YOUR GOAL - Starting from the line with "DKBIKE vægophæng til" and going up to and including the line with "автоматическая работа, автоматический", copy the listing below exactly. Leave all images out.

GIVEN DATA -

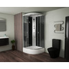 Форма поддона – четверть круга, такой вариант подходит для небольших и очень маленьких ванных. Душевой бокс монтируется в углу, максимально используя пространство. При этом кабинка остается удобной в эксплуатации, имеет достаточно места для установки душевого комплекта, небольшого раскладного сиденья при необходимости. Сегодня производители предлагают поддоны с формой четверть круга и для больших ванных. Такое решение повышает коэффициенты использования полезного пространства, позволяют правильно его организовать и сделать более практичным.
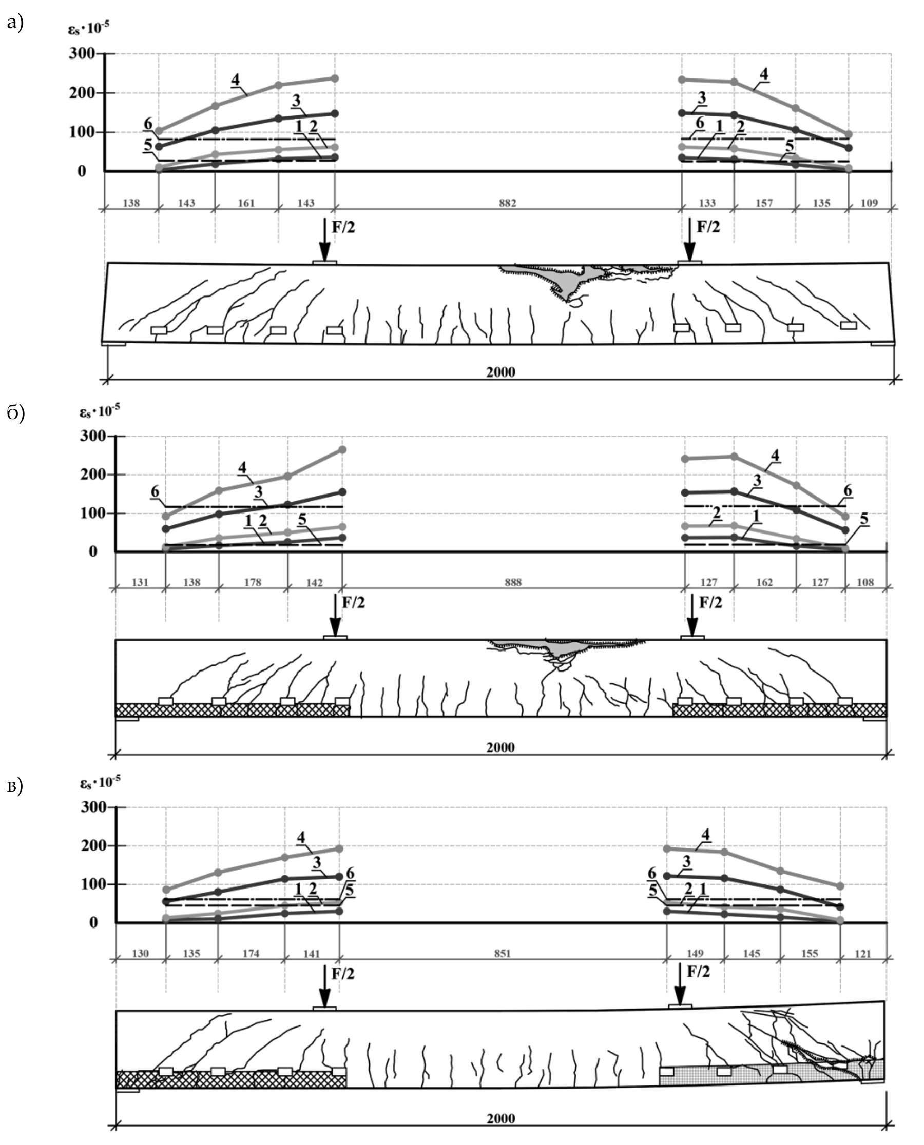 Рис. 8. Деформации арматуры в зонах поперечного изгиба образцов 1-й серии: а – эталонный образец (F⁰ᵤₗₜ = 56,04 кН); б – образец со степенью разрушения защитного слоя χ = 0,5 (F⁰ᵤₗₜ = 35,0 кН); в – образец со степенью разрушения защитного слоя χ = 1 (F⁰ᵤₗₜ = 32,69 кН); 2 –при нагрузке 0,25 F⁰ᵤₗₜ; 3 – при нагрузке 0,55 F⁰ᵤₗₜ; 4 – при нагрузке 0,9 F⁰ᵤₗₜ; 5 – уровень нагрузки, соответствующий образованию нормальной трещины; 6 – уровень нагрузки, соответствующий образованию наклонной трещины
==
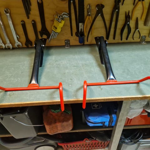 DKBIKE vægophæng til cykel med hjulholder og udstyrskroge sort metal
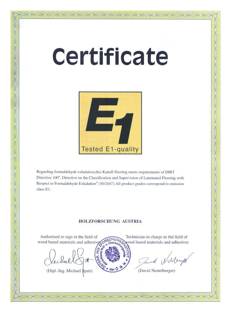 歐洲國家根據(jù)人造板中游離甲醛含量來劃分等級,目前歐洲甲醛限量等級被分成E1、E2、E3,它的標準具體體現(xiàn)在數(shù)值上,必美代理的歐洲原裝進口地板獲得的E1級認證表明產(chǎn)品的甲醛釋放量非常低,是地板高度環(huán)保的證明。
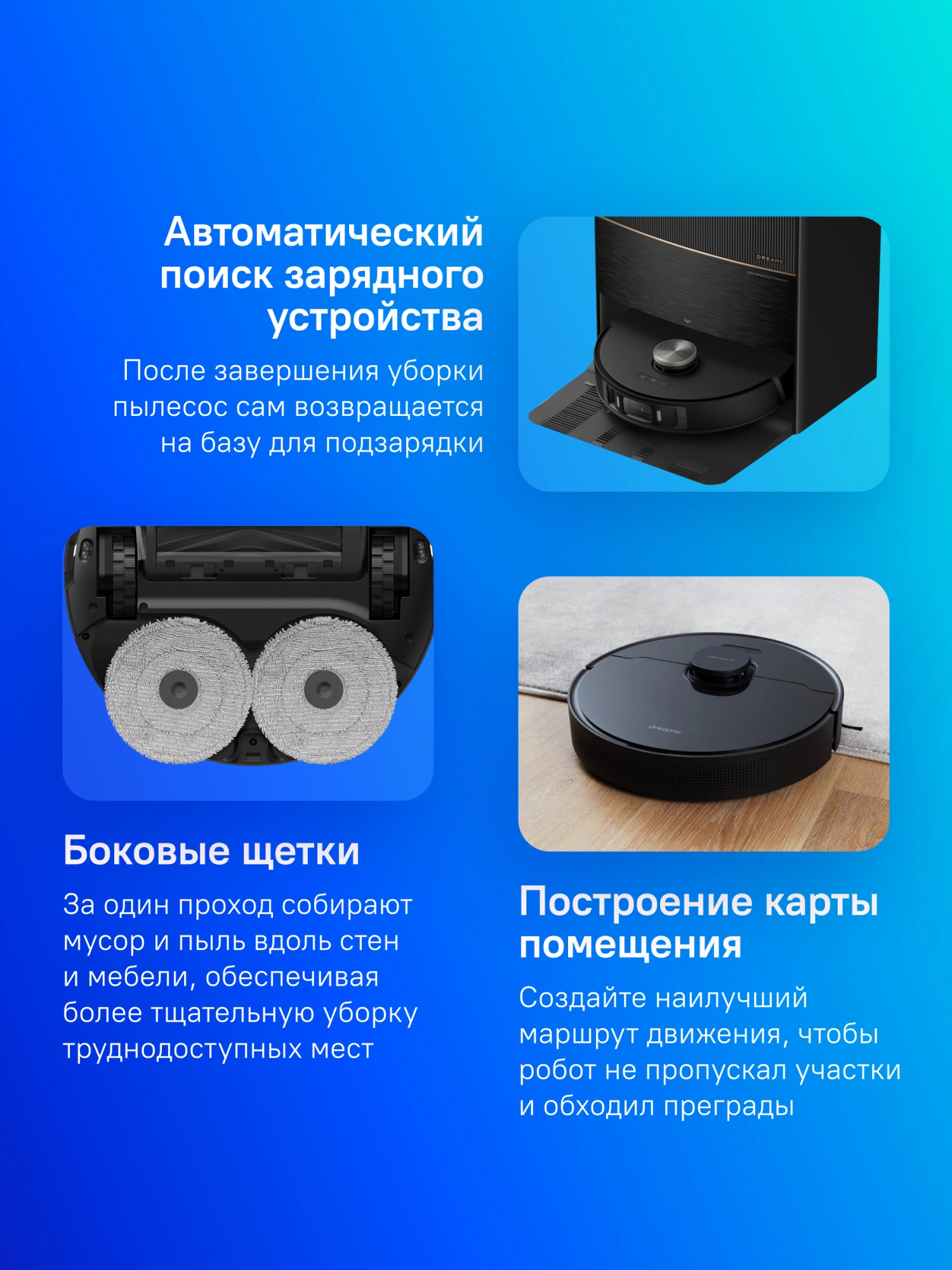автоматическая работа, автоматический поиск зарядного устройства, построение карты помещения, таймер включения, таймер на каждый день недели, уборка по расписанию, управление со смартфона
--
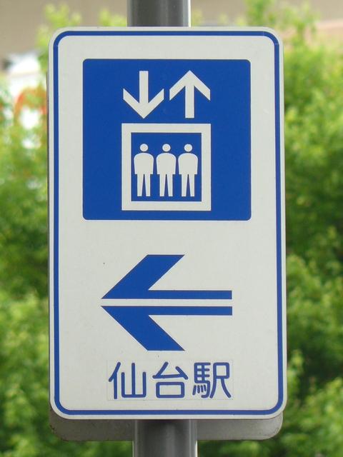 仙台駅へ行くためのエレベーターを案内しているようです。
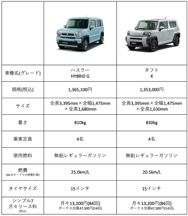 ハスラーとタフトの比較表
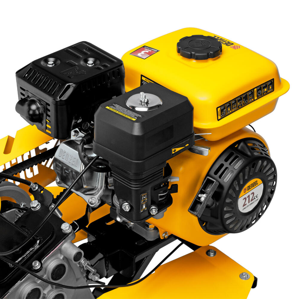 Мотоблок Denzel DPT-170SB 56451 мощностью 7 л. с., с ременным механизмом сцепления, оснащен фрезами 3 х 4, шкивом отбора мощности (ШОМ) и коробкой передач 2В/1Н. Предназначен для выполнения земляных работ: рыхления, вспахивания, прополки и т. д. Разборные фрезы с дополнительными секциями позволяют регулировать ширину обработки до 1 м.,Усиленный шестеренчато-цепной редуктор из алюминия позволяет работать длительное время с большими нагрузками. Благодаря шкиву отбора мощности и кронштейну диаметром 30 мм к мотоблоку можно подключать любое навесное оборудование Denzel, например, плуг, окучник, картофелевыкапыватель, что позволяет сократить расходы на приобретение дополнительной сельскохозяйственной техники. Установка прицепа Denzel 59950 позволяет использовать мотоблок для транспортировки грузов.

ANSWER TO THIS EXERCISE -
 DKBIKE vægophæng til cykel med hjulholder og udstyrskroge sort metal
 歐洲國家根據(jù)人造板中游離甲醛含量來劃分等級,目前歐洲甲醛限量等級被分成E1、E2、E3,它的標準具體體現(xiàn)在數(shù)值上,必美代理的歐洲原裝進口地板獲得的E1級認證表明產(chǎn)品的甲醛釋放量非常低,是地板高度環(huán)保的證明。
автоматическая работа, автоматический поиск зарядного устройства, построение карты помещения, таймер включения, таймер на каждый день недели, уборка по расписанию, управление со смартфона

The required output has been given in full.